The first sign that Russian mail had run into a new border came at Magdeburg, where Prussia ended and Westphalia began. The Westphalians applied a new transit marking "PRUSSE P.M." which stands for "(from)Prussia via Magdeburg". This example is particularly crisp:
March 1809, St.Petersburg via Memel and Magdeburg to Frankfurt
The reverse reveals that the sender prepaid 13 gute Groschen foreign postage. Prussia kept 7 1/4 g.G for the Memel-Magdeburg trip and passed the remaining  5 3/4 g.G on to Westphalia (magenta notation at lower left).
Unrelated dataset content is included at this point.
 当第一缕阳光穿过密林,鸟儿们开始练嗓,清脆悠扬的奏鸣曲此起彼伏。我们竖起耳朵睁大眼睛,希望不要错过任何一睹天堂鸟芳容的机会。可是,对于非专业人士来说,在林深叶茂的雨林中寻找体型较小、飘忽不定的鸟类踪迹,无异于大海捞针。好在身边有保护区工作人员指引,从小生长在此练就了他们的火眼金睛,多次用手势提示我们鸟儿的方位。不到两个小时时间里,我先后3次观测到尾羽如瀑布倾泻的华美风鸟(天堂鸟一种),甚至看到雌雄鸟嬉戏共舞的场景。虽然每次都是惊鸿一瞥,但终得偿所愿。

After that, things get fuzzy but Westphalia felt it got enough money to stamp the letter FRANCO and sent it on to Frankfurt.
This is a simple one: only one of the new states to deal with. mail to France and Holland had to pass through both Westphalia AND Berg and the resulting puzzles are maddening, particularly as borders shifted a few times...
But still! Westphalia may be a "dead country" but it offers a lot of postal history fun, even without stamps.
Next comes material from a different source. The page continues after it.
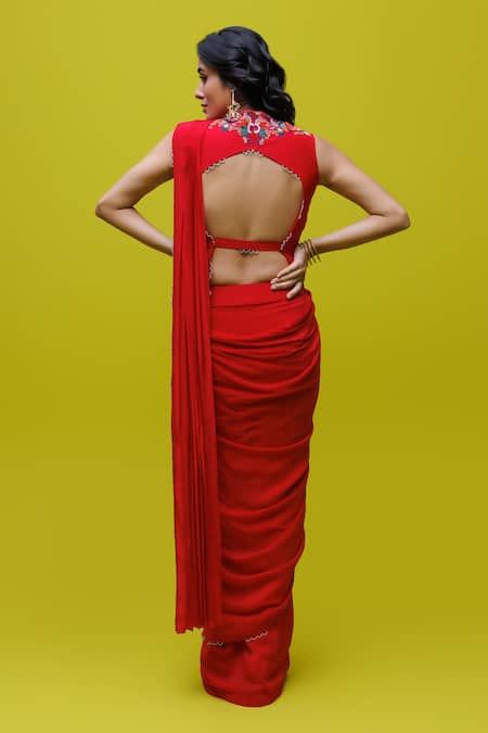 Red Crepe, Organza Embroidery Round Neck Pre-draped Saree With Jacket

There were these two Norwegians....(not really)

If there's one thing I regret it's that my command of Russian is so wobbly. Simply not enough hours in the day to do much about that now, I'm afraid, and at least Google Translate makes life a lot easier. But it does make me prone to embarrassing linguistic blunders when it comes to Russian.
Having grown up in Northwestern Europe, I know the country of Norway as Norge (or Noreg, confusingly), and instead of Norwegian I'm inclined to think of Norsk as the adjective. So when I spotted the word Norskaya in Russian I fell victim to a classic faux ami: a word that looks familiar but means something completely different. In Russian, of course, the word for Norwegian is Норвежский...
And so to my two (non-)Norwegians. The first to come my way was Norskii Sklad in Eastern Siberia:
How odd: a Norwegian Warehouse in the Amur province! Must be one of those odd "colonies" you find dotted all over the Russian Empire. Well, no.... The PTO there was opened in 1916. Norskii Sklad is now simply known as Norsk and it's not exactly a Metropolis.
Then came Norskaya Manufaktura:
Of course, Norskaya Manufaktura (PTO opened in 1891) has nothing to do with Norwegians. It was founded in 1859 by the Khludov brothers as a factory of linen products in Norsk settlement, which later became part of the city of Yaroslavl'. The factory was renamed Krasnyi Pereval (Red Pass) in 1922 and survived all the way to 2011 when it finally went bankrupt. The building still exists and is now leased to smaller establishments, one of which has adopted the Norskaya Manufaktura name, I'm pleased to say.
Incidentally, the reverse of that cover is pretty too:
So no Norwegians. How embarrassing!

Saturday, September 6, 2014

A matched pair

This pair of cards is probably unique in the postal history of the Civil War. On September 7, 1919, a mother in Simferopol' wrote to her daughter in Evpatoriiskia Dachi, the card arriving the next day. The daughter wrote back to her mother on the day it arrived, and her reply got back to mom in Simferopol' on September 9. Both cards are franked at 35k: the postcard rate for the Denikin regime during this period.
I defy anyone to find a similar matched pair of postal items from the Civil War period.